Les tensions sont d’autant plus vives depuis la signature fin novembre d’un accord de délimitation maritime controversée entre la Turquie et la Libye.

Après la signature de cet accord, le gouvernement turc a en effet prévenu qu’il empêcherait toute exploration d’hydrocarbures sans son autorisation dans ces zones.

 

Cet accord a été condamné par plusieurs pays, dont la Grèce et Chypre.

La Grèce a d’ailleurs ensuite expulsé l’ambassadeur libyen.

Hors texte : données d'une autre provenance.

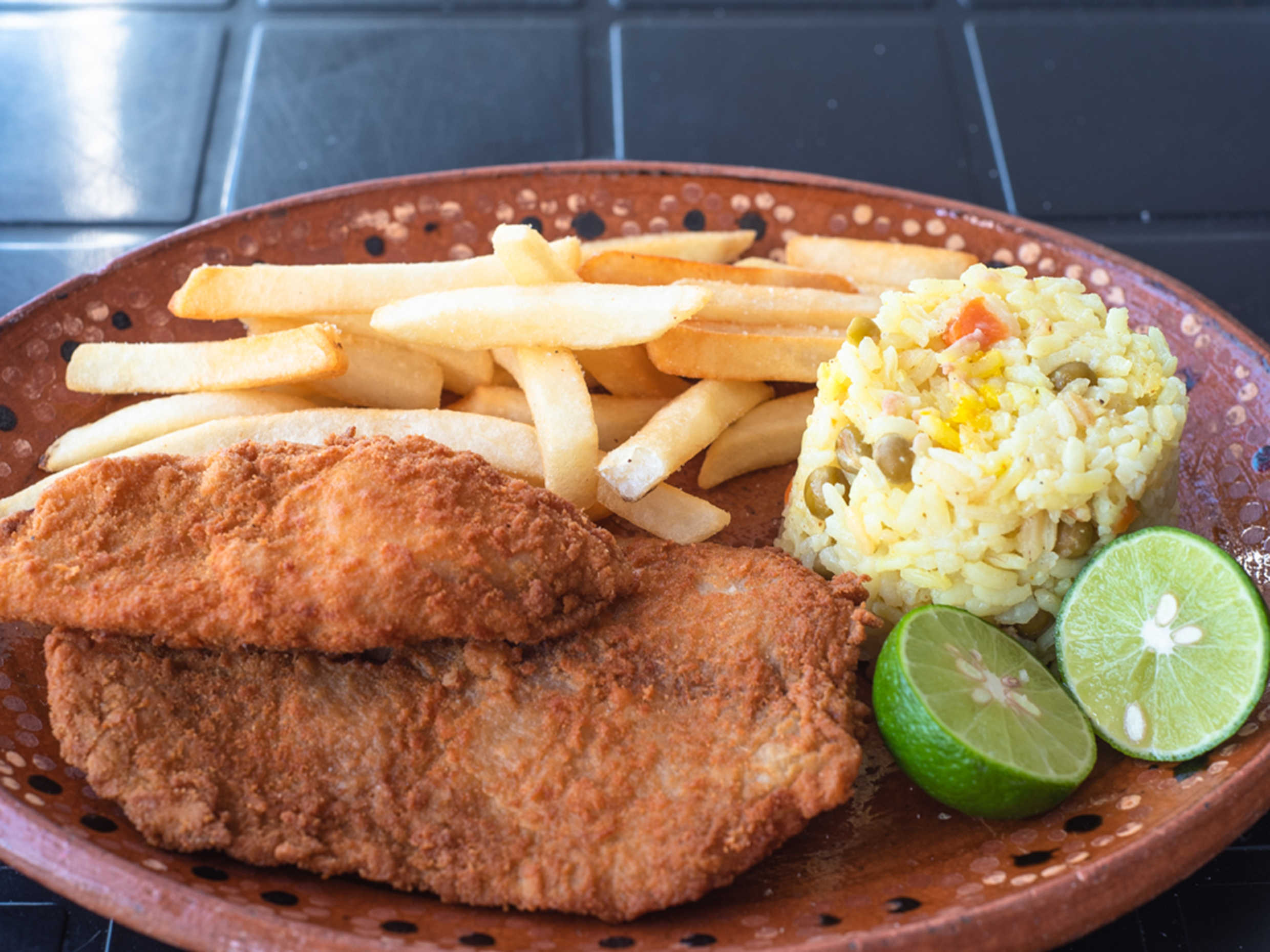 Filete empanizado con papas fritas,arroz y ensalada y una tostada de ceviche de pescado ,limones,salsa, saladitas, totopos y aderezo chipotle

La Grèce, comme l’Égypte et Chypre, juge cet accord contraire au droit international, arguant notamment qu’il n’existe pas de frontière entre la Libye et la Turquie.

 

Ces pays craignent surtout qu’Ankara ne s’appuie sur l’accord pour effectuer de nouveaux forages en mer, qu’ils jugent illégaux.

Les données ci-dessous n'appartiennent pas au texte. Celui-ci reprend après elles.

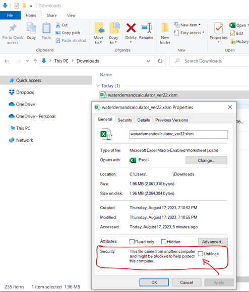 3. At the bottom of the General tab, select the Unblock checkbox and select OK.
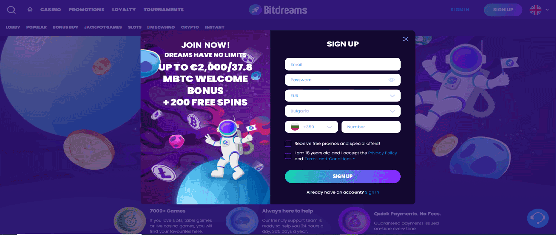BitDreams Casino has amazing casino features to make your stay on the platform pleasant and unforgettable. Besides its large collection of 7000+ casino games, the venue offers issue-free navigation and a fast-paced site. Its compatible with mobile phones and hand-held devices has superb customer service and supports multiple language options. It is held by the amazing casino owner Hollycorn N.V.
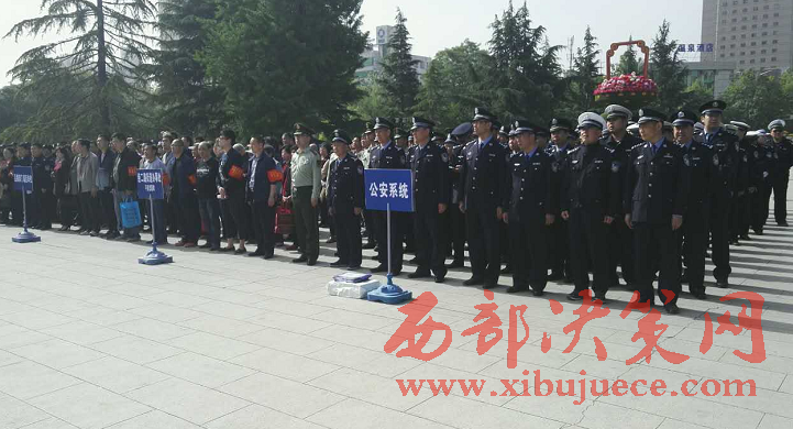 西部決策網(wǎng)-西部大開發(fā)訊(帥華鋒 杜杰)5月6日上午,渭濱區(qū)在炎帝園廣場隆重舉行打造“經(jīng)二路平安示范一條街” 夏季攻堅行動推進會,市委政法委及區(qū)委、區(qū)人大、區(qū)政府、區(qū)政協(xié)相關領導出席現(xiàn)場,公安、執(zhí)法、區(qū)級部門、平安單位、社區(qū)志愿者組成五個方陣共300余人參加會議。
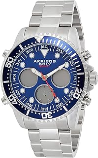 Montre à quartz pour homme akribos xxiv, affichage analogique-numérique et bracelet en acier inoxydable massif, ak1094ssbu.
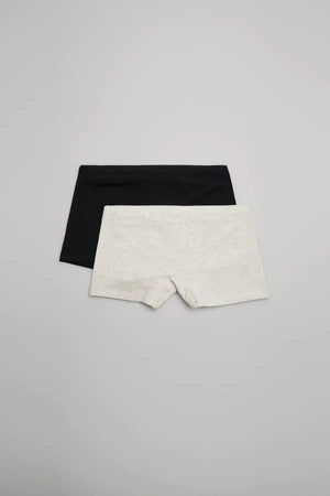 Pack de 2 bóxers infantis em tecido Cotton Nature. As fibras naturais deste material conferem maciez extra à peça. Os acabamentos com costuras finas favorecem uma maior adaptabilidade e ajuste ergonómico.
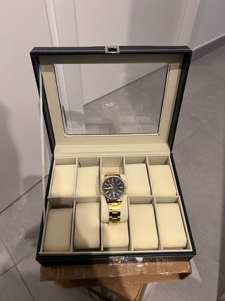 Elegante caja para guardar relojes. Tiene un diseño moderno y funcional. - Exterior en color negro. - Interior con compartimentos acolchados. - Tapa con ventana transparente. - Cierre metálico. - No incluye el reloj, si lo quieres 10€ mas
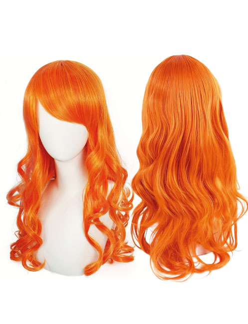 Peruk Saç Uzun Kahküllü 50 Cm Turuncu

En effet, l’accord permet à Ankara de revendiquer des droits sur de vastes zones en Méditerranée orientale.

 

C’est la riposte de la Turquie à la création en janvier d’un forum de la Méditerranée orientale sur le gaz, dont Ankara a été exclu, lors d’une réunion de représentants de Chypre, de la Grèce, d’Israël, de l’Egypte, de l’Italie, de la Jordanie et des territoires palestiniens.

 

Menacée de sanctions par l’Union européenne pour ses forages illégaux réalisés au large de Chypre, la Turquie entend s’appuyer sur son accord avec la Libye pour mettre fin à son isolement en Méditerranée orientale et faire valoir des droits sur l’exploitation des hydrocarbures.

 

 

Des actions militaires à craindre ?

 

À Athènes, la Grèce, Chypre et Israël ont signé le 2 janvier un accord portant sur la création du gazoduc baptisé « EastMed ». Un projet d’infrastructure dont la Grèce a souligné « l’importance géostratégique » pour la Méditerranée orientale.

 

Aux yeux d’Athènes, le futur EastMed, qui devrait permettre d’alimenter en gaz plusieurs pays du sud de l’Europe, représente davantage qu’un simple projet énergétique. Le Premier ministre grec Kyriakos Mitsotakis a en effet aussi évoqué la dimension sécuritaire de l’exploitation du gaz. Et ce, en s’adressant à mots voilés à la Turquie voisine.

 

Il faut dire que la Turquie est très offensive.

Un drone armé turc a atterri mi-décembre à Chypre-nord où il sera stationné.

Chypre-Nord reste sous l’influence écrasante du “grand frère” turc.

 

D’autre part, en novembre, République de Chypre a fait l’acquisition de 4 drones israéliens.

Cela afin d’améliorer la surveillance de sa zone économique exclusive (ZEE), où des compagnies internationales mènent les explorations à la recherche d’hydrocarbures.

 

Les autorités chypriotes avaient dénoncé une “grave escalade des violations” de ses droits souverains par la Turquie. Selon Nicosie, la Turquie a envoyé un nouveau navire de forage dans sa ZEE, et plus particulièrement un bloc dont les licences d’exploitation ont déjà été attribuées en septembre par la République de Chypre aux géants énergétiques français et italien.

 

Ankara a envoyé plusieurs navires de forage ces derniers mois au large de Chypre malgré des avertissements de Washington et de l’Union européenne.

L’UE a adopté mi-juillet une série de mesures politiques et financières visant à sanctionner la poursuite de ces forages.